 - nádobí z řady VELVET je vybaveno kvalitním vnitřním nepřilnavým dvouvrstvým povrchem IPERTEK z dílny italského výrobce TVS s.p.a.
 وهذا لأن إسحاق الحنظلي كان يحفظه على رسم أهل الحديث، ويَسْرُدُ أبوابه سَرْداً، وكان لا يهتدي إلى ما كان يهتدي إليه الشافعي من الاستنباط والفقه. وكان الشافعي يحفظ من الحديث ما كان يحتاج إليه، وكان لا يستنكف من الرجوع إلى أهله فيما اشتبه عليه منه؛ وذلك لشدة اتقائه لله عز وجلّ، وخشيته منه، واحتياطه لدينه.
§ §
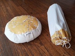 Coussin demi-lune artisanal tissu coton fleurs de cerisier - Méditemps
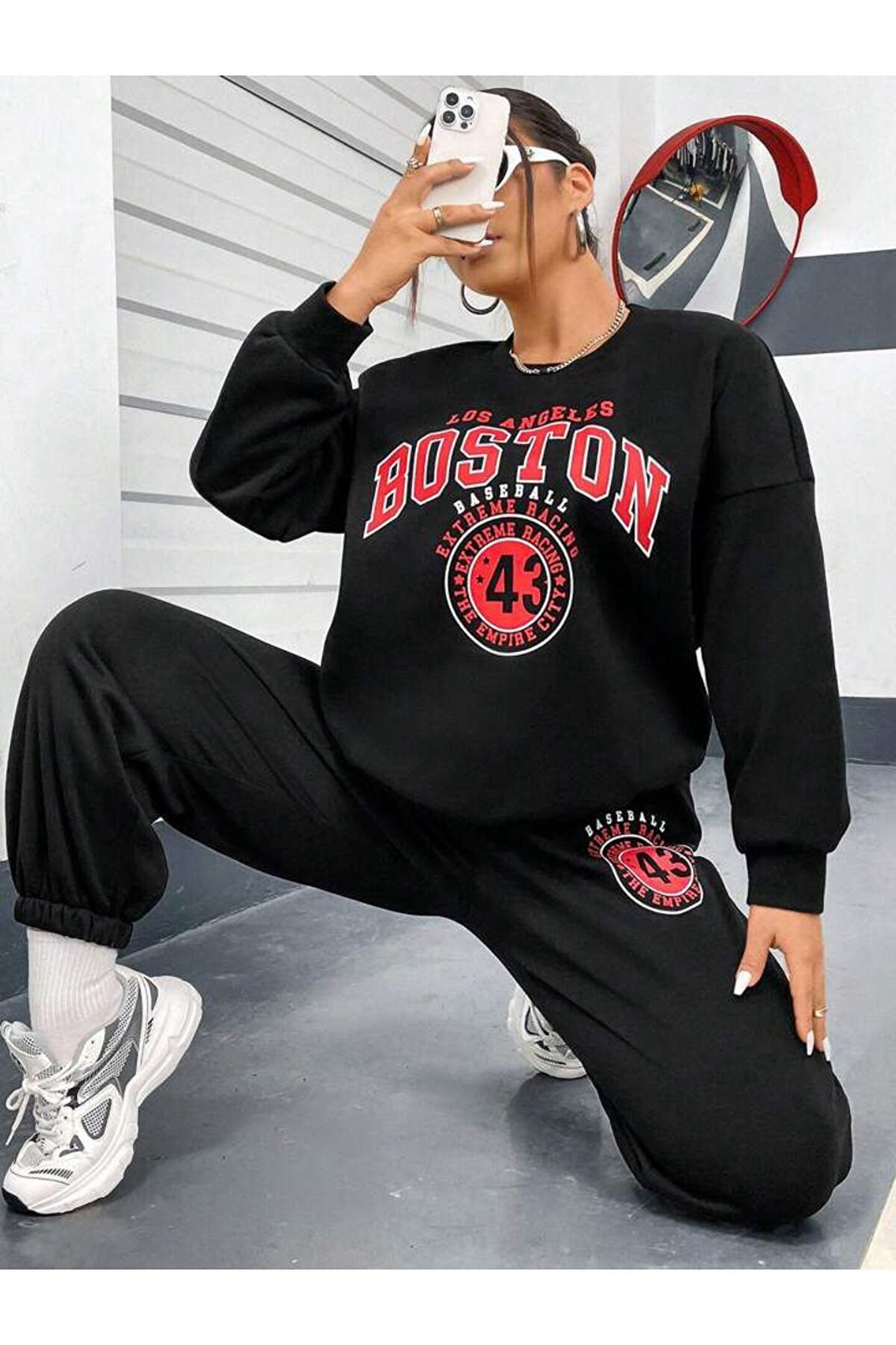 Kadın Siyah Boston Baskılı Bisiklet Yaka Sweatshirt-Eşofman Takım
§ §
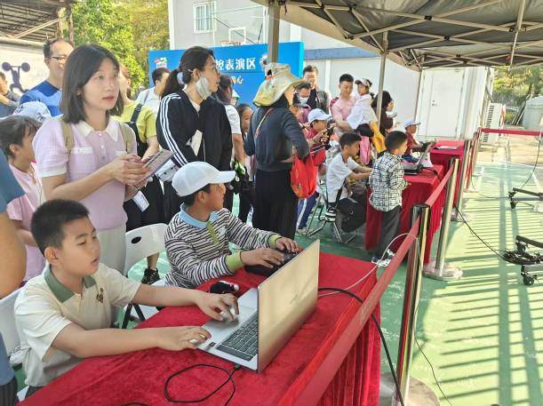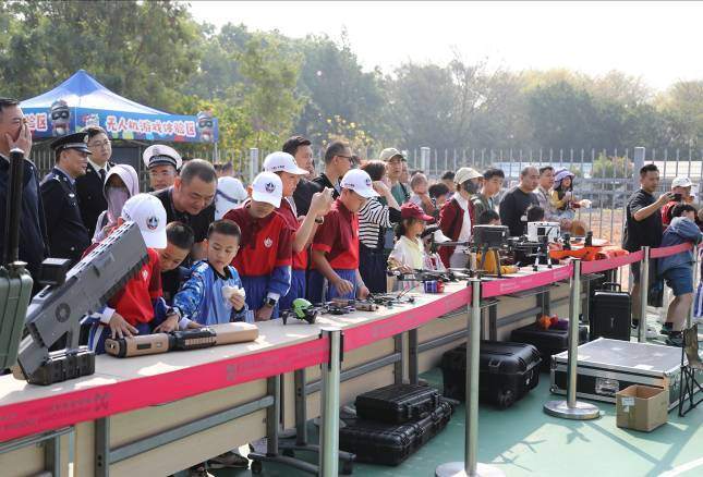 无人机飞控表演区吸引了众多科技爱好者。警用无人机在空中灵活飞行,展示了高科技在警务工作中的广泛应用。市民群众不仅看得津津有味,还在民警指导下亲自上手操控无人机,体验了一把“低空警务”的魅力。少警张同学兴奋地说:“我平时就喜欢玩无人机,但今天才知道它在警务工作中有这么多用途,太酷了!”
§ §
### [The task]
In the listing above, find the line containing "Coussin demi-lune artisanal". Output it and every line after it up to and including the line containing "Kadın Siyah Boston", exactly, but skip the pictures.

### [Result for this task]
 Coussin demi-lune artisanal tissu coton fleurs de cerisier - Méditemps
 Kadın Siyah Boston Baskılı Bisiklet Yaka Sweatshirt-Eşofman Takım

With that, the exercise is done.